Veggie Frittata with Red Pepper, Red Onion and Extra Protein

By Ethan Boldt

April 27, 2023

Veggie frittata

Do you need a new frittata recipe? Then it's time to make this Bone Broth Protein Vegetable Frittata. This isn't your standard frittata. No, this egg-based dish is loaded with fresh veggies and extra protein from Bone Broth Protein Pure.

It's one of the best easy breakfast ideas. Perfect for a weekday breakfast or a fancy brunch, this vegetable frittata can be personalized with your favorite veggies. Throw in some red bell peppers, scallions, roasted garlic, green onions or egg whites. You can't go wrong with this frittata!

Best of all, this veggie frittata is so simple to make, but it looks super fancy, perfect for entertaining weekend guests. And it's prepared in one pan — less dishes to wash! Let's get cooking.

How to Make a Veggie Frittata

Start by heating an oven-proof, all-metal sauté pan over medium-high heat. Bring the butter, bone broth and sea salt to a simmer. Add in the veggies and let it all simmer for 8 minutes uncovered. Reduce the heat to low.

Whisk the benefit-rich eggs, basil and red pepper flakes together. The fresh basil adds a ton of flavor to this protein veggie frittata, but if you don't have the herb on hand, thyme works nicely as well. And though it's optional, I love the extra "zing" the red pepper flakes add.

When the eggs are whisked, add the mixture to the pan with the bone broth protein and stir to combine. Turn the heat to medium-low.
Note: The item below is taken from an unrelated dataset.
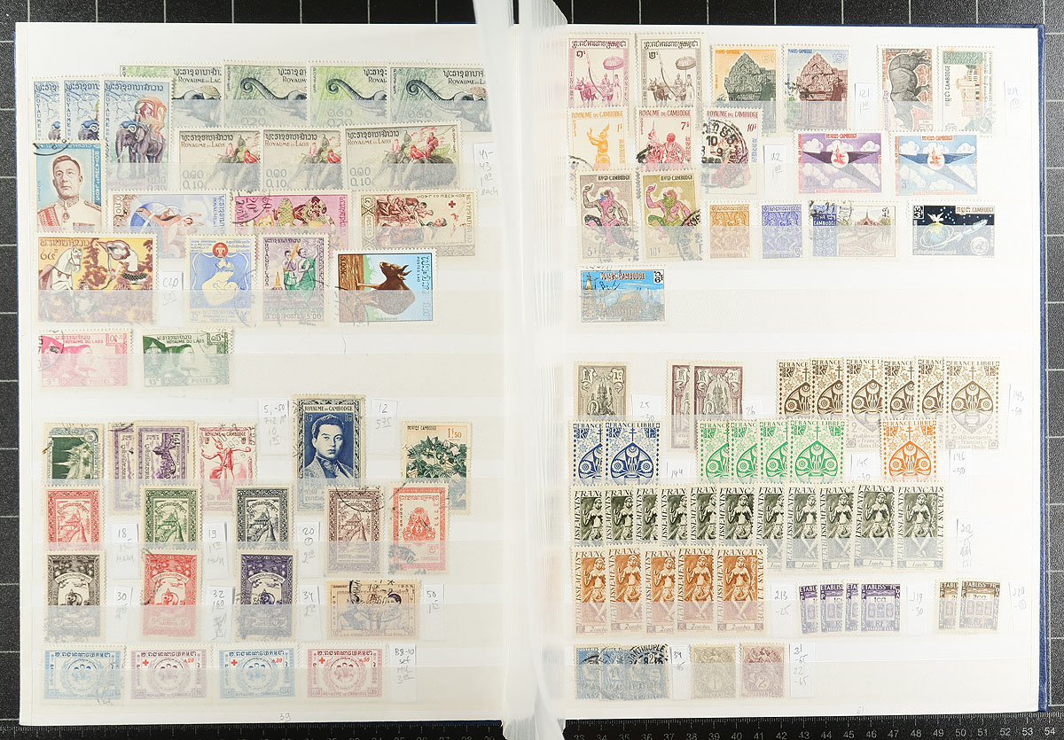 A wide-ranging group of French colonies and territories filling a 32-page Uni-Safe stockbook. Countries represented include Malagasy Madagascar, Djibouti, Algeria, Libya, Morocco, Laos, Cambodia, Levant, Guadeloupe, Guiana, FSAT, Wallis and Futuna, St. Pierre and Miquelon (lots of postage dues), and more! Owner counts 2,510 stamps, with moderate to heavy duplication. Mint, used, mostly more common items, but with individual items to $10.00 catalogue value. Great exploration lot here! Estimate =

Cover the pan and cook on the stove for around five minutes.

Next, remove cover and transfer the pan to the top rack in the oven. Turn on broil and let the frittata finish cooking. Keep your eyes on the eggs in this step; you want them to set, not burn. This will take anywhere from 3-5 minutes.

That's it! This protein veggie frittata powered by bone broth is ready. I like garnishing it with some of the fresh herbs and serving with a side of avocado slices for extra performance fats and nutrition.

Consider pairing with our delicious oatmeal breakfast cookies or oatmeal breakfast cake. You can also simply go with a slice of sourdough or Ezekiel bread toast, or a fruit smoothie. Enjoy!

Other Healthy Egg Dishes

Veggie Frittata Recipe

Servings

4

Time

30 min (Prep time: 10 min; Cook time: 20 min)

Calories

181

Author

Ethan Boldt

When most of us cook eggs, we default to scrambled or fried. And when we get fancy, we do an omelet. But a veggie frittata is almost as easy and it elevates eggs and vegetables to a brunch-worthy breakfast. This one also features fabulous macros: 5 grams of carbs, 10 grams of fats and 18 grams of protein! Pair with a slice of sourdough or Ezekiel, or a fruit smoothie, for a perfect breakfast.

Ingredients
  • ½ tablespoon unsalted butter

  • 1 scoop of Bone Broth Protein Pure mixed in 4 ounces water

  • ½ teaspoon sea salt

  • ½ red onion, diced

  • 1 cup small broccoli florets

  • 1 cup sliced mushrooms

  • ½ red bell pepper, diced

  • 8 eggs

  • 1 tablespoon minced fresh basil

  • ¼ teaspoon crushed red pepper or chipotle flakes (optional)

Directions
  1. In a large, all-metal sauté pan over medium-high heat, add the butter, Bone Broth Protein (mixed with water first) and sea salt. Heat to a simmer.

  2. Add veggies and sauté until soft for 8 minutes, uncovered. Reduce heat to low.

  3. In a medium bowl, whisk eggs, basil and optional pepper flakes together thoroughly.

  4. Add egg mixture to pan and stir to combine. Cover and cook on stovetop for 5 minutes.

  5. Place pan in oven on top rack and broil uncovered for 3–5 minutes, watching carefully, until eggs are set.

Nutrition

Serving Size 1 serving (159g) Calories 181, Carbs 4.8 grams, Fiber 1.2 grams, Sugar 2.2 grams, Fat 10 grams, Saturated Fat 3.7 grams, Unsaturated Fat 5.4 grams, Trans Fat 0.1 grams, Cholesterol 331 milligrams, Protein 17.6 grams, Sodium 447 milligrams (30% DV)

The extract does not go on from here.